Darbepoetin alfa did not show any increased Hb concentrations when compared with epoetin beta in the low Hb stratum, but it was more beneficial in the high Hb stratum, the investigators observed. They further noticed that Hb concentrations were more stable within a narrow range when switching to darbepoetin alfa in the low Hb stratum.

Other results indicated that darbepoetin alfa is advantageous for maintaining Hb stability on lower epoetin beta doses (mean 5860 IU/week, range 2000–15,000 IU/week) prior to switching, Dr Chen and colleagues stated.

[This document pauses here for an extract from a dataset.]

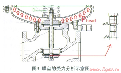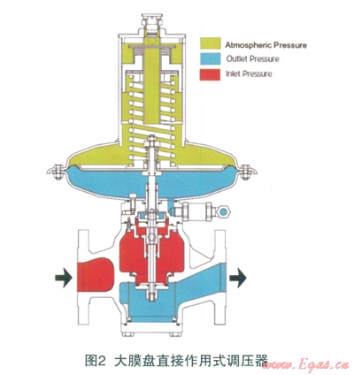 該款調(diào)壓器為某進口品牌,在我公司大量使用,其質(zhì)量和性能較為穩(wěn)定,一直沒有出現(xiàn)過問題。該款調(diào)壓器為大膜盤直接作用式調(diào)壓器,其連接口徑DN80,膜盤頭部直徑為書600,其結(jié)構(gòu)型式平衡閥芯式調(diào)壓器,閥瓣位于閥座下部,是典型的失效開啟型調(diào)壓器,在主皮膜破裂或壓力信號管無壓力反饋時,閥口處于開啟狀態(tài)。大膜盤調(diào)壓器的特點是結(jié)構(gòu)簡單、響應(yīng)迅速、關(guān)閉精度高,由于大膜盤的作用,其關(guān)閉精度很高,當(dāng)下游壓力高于設(shè)定值時,閥口關(guān)閉密封性好,無流量泄漏。其結(jié)構(gòu)見圖2。

The findings agreed with previous studies finding increased conversion ratios in patients with relative erythropoietin resistance. The actual conversion ratios were lower than previously reported. A Japanese study by Takayuki Hirai, et al., for example, found a conversion ratio of 350.5 IU: 1 µg (Nephron Clin Pract 2009;111:c81-c86).

 

Among the limitations, the study authors noted that the dose conversion ratio used was at the discretion of the treating nephrologists and might have differed from protocol.

Source

  1. Liao SC, Hung CC, Lee CT, et al. Switch From Epoetin Beta to Darbepoetin Alfa Treatment of Anemia in Taiwanese Hemodialysis Patients: Dose Equivalence by Hemoglobin Stratification. Therapeutic Apheresis and Dialysis. doi: 10.1111/1744-9987.12401.